The flowchart then moves on to the feature engineering stage, when the target variables—heat and humidity—are separated from the pertinent characteristics, or independent variables. After that, the dataset is divided into training and testing sets so that the models may be trained on some data and their performance can be assessed on the remaining data.

Several ML models are initialised after feature engineering. These models include more sophisticated models like RF, GB, AdaBoost, and XGBoost in addition to more conventional models like DT and LR.

After that, the flowchart splits into two independent processes: one for predicting temperature and the other for predicting humidity. Predictions are made once the models in each branch have been trained on the appropriate data. Important measures, such as the R², RMSE, and MAE, are used to assess each model’s performance. To make it easier to compare the models, these assessment results are kept in DataFrames.

Lastly, bar charts that provide the performance metrics for the temperature and humidity forecasts are presented along with the data. When the assessment and visualization process is finished, the flowchart ends, clearly illustrating how well each model performs in forecasting temperature and humidity in PV situations.

A thorough comparison of ML techniques used in PV settings to forecast temperature and humidity is presented in Table 2. An understanding of the advantages and disadvantages of each of these algorithms is provided in Table 2, which lists the salient features of each algorithm.

The basic strategy used by every model is the kind of algorithm. For example, RR, Lasso Regression and LR are basic linear models that assume linear relationship between features and target variables¹³. These models are often the first to be considered when simplicity and interpretability are important. However, to deal with non-linear relationships and interactions between features, more advanced ensemble methods such as RF, AdaBoost, GB and XGBoost are designed²⁶. Consequently, these methods tend to achieve higher predictive accuracy, but at the cost of increased computational complexity and lower interpretability.

Each model is incredibly different in terms of complexity. Linear models are suitable in cases in which computational resources are scarce because they are simple to use and computationally economical¹³. However, models such as XGBoost and GB take more time and processing resource owing to their repeated training of many weak learners (typically DTs), and aggregation of predictions from them to improve the accuracy¹⁷.

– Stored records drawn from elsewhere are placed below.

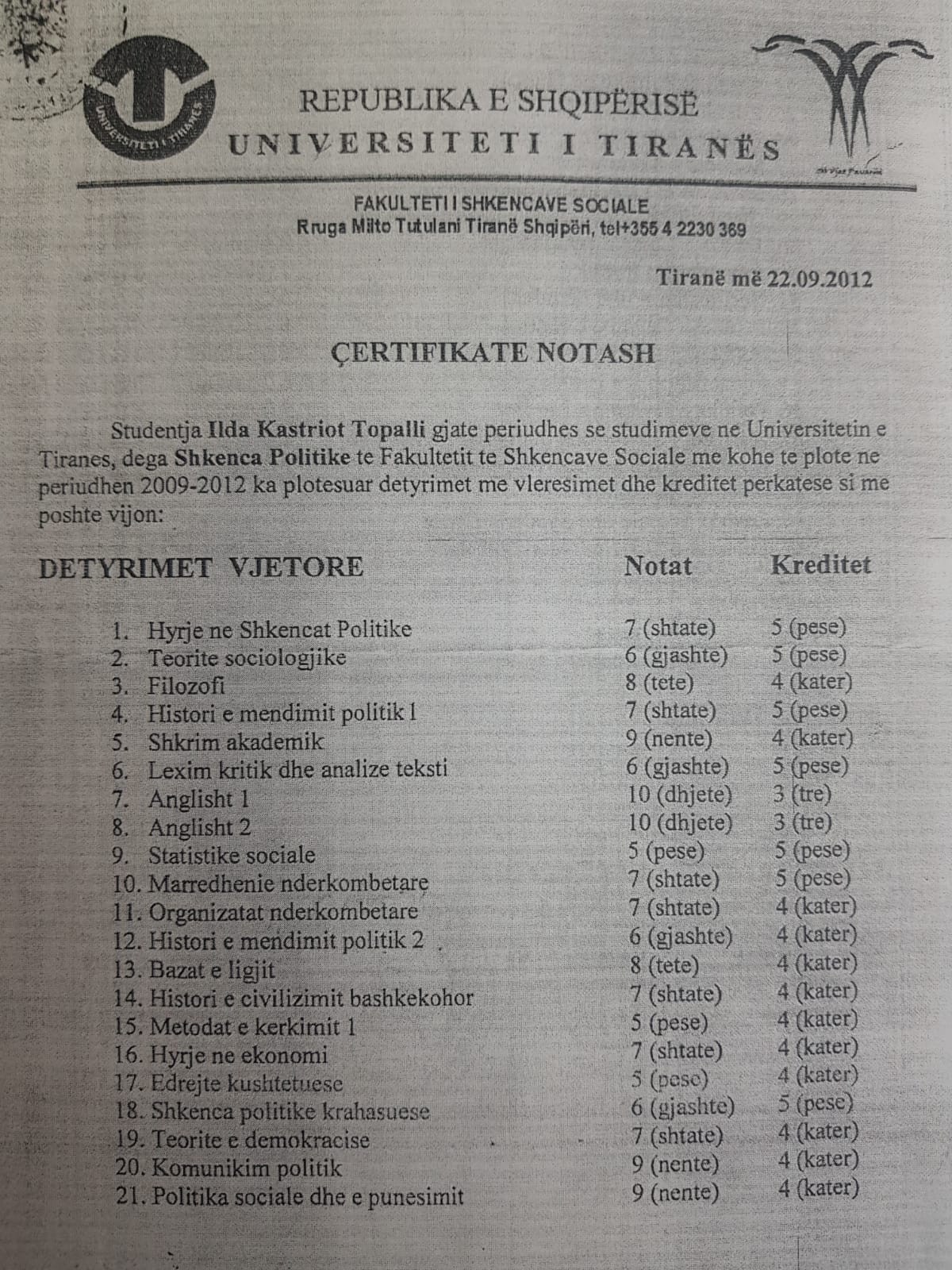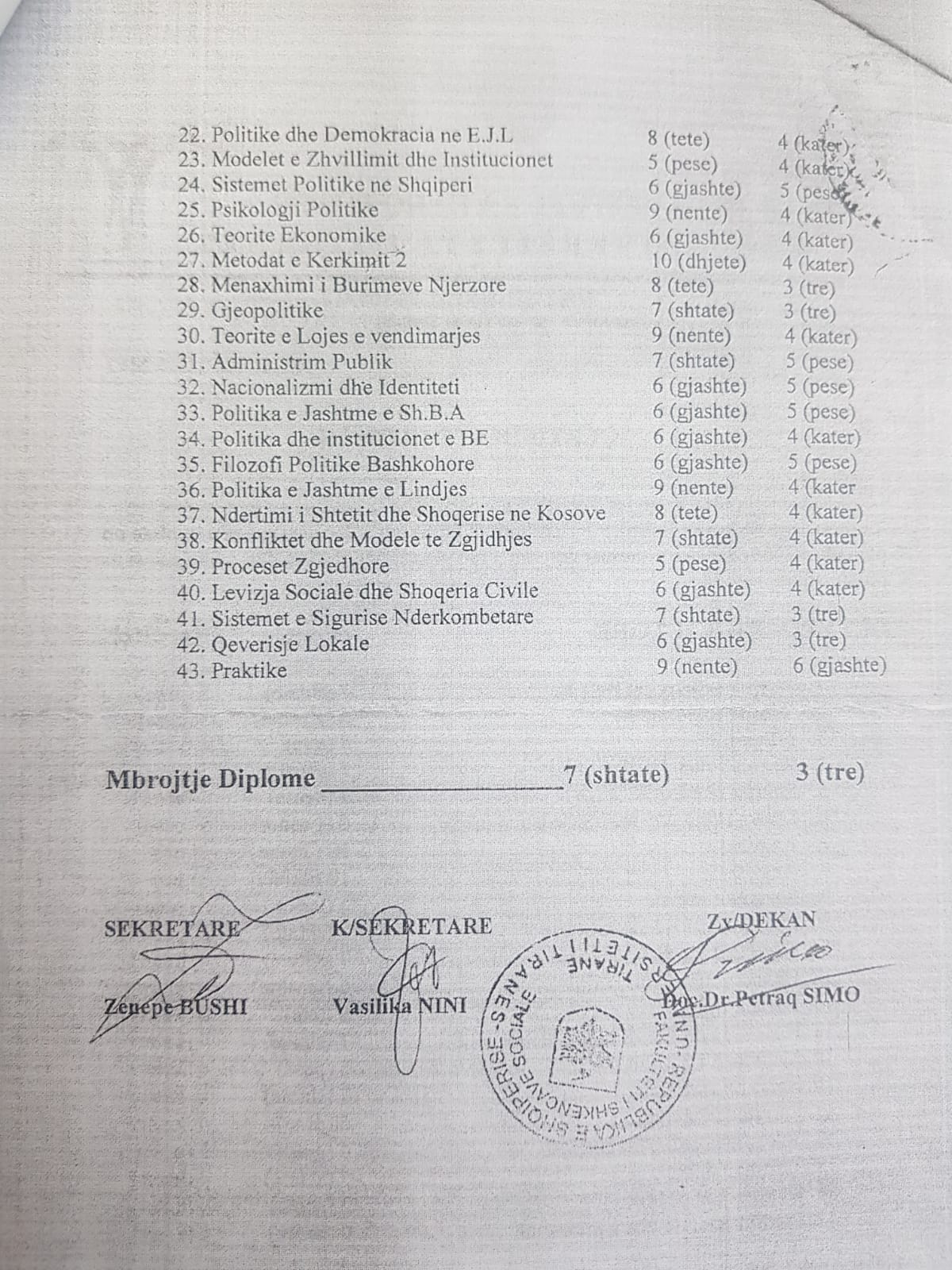 Madje, edhe ne, mbrojtjen e diplomes, Topalli ka marre 7, nje note qe eshte larg ekselences. /Marrë nga lexo.al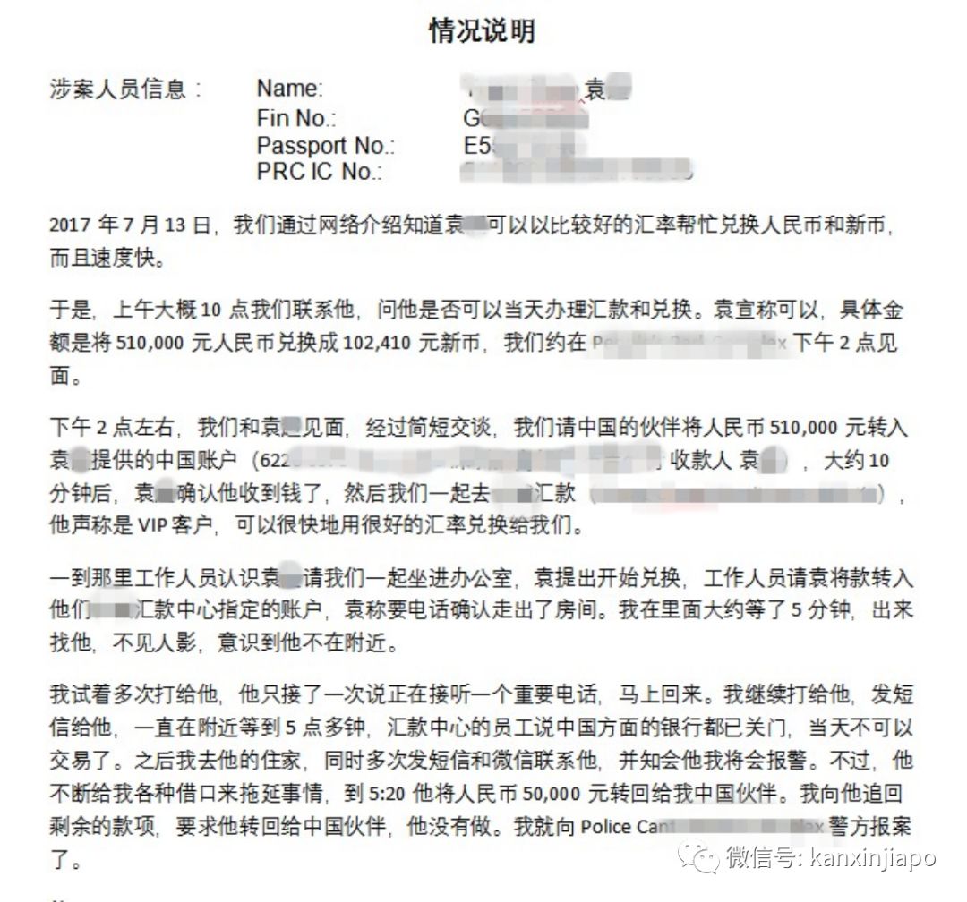 “我在新加坡换钱,对方拿了50万RMB后不见人”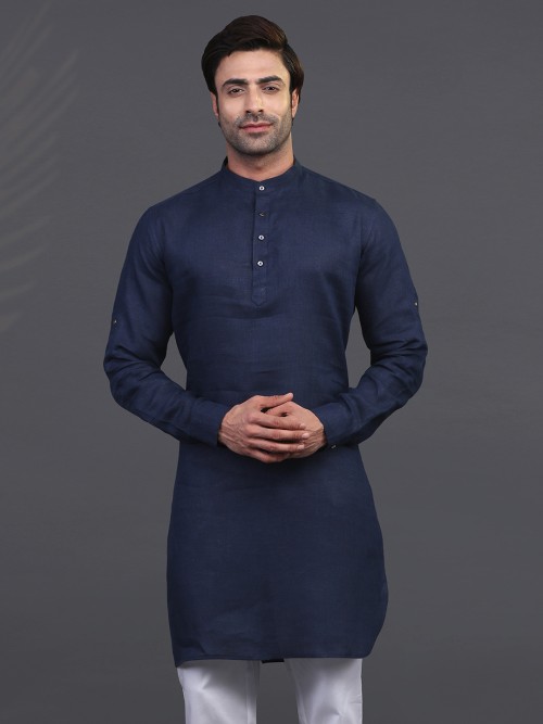 Dress up in this solid navy linen kurta suit for any festive occasion. It has a stand collar, short hook button placket, full sleeves with vented hem.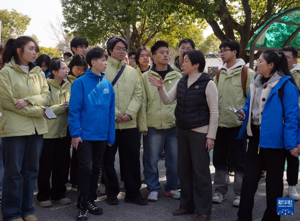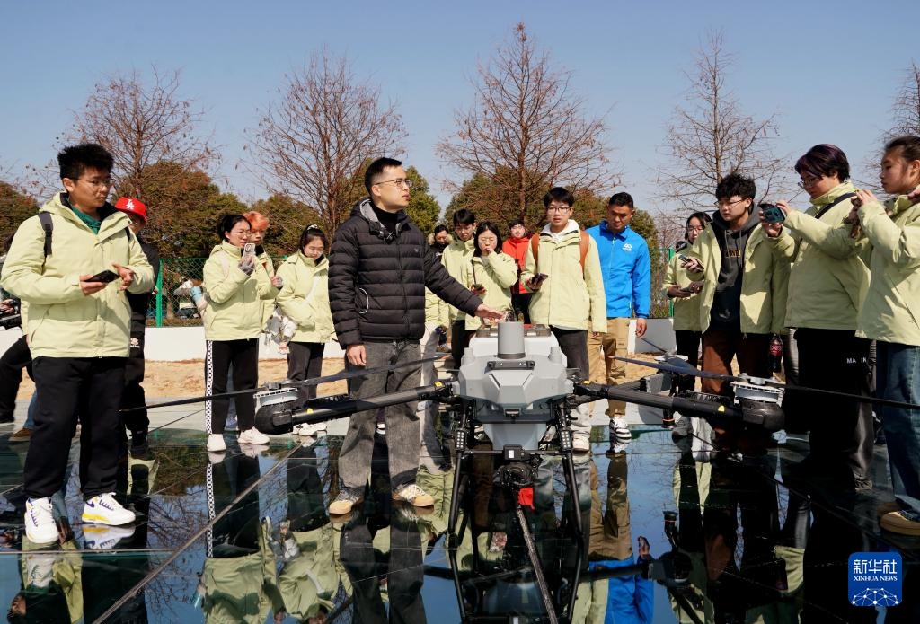 2月18日,在上海昆秀水产专业合作社,行业导师许翔为学生介绍用于播撒饲料、施肥的植保无人机。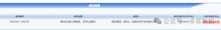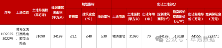 地块位于黄岛区漓江西路南、罗浮山路西,占地面积约31090㎡,容积率1.1,建面约3.42万㎡,建筑密度28%,绿地率40%,起拍楼面地价13028元/㎡,起拍总价4.46亿,竞买保证金2.22亿,比例为50%。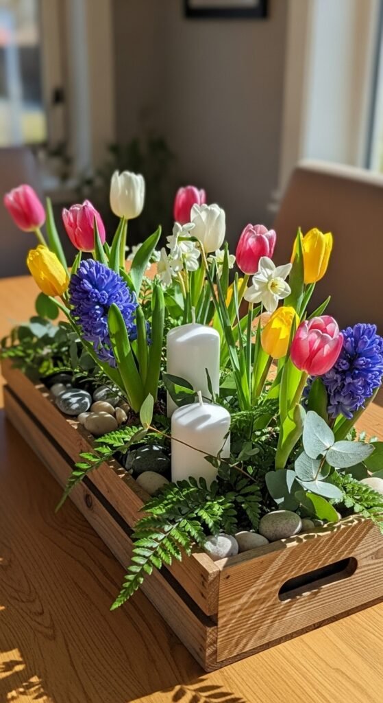 Use old wooden crates or thrifted boxes as table centerpieces. Fill them with flowers, candles, or seasonal fruits. Add moss, pebbles, or small branches for texture. These crates can be painted or left natural for a rustic touch. Layering different heights within the crate instantly adds sophistication. They’re perfect for dining tables, coffee tables, or even outdoor patios.

Feature management varies in its sensitivity to data preparation when used with the models. For instance, SVR and linear models are sensitive to the size of the features, and need to be normalized or standardized for best performance¹⁹. However, ensemble techniques like RF and XGBoost are both capable of handling numerical and categorical data and are more impervious to feature scale changes¹⁷. Lasso Regression shines due to its ability to perform automated feature selection by efficiently reducing model complexity and dealing with multicollinearity issues¹³. This is achieved by shrinking the coefficients of less relevant features to zero.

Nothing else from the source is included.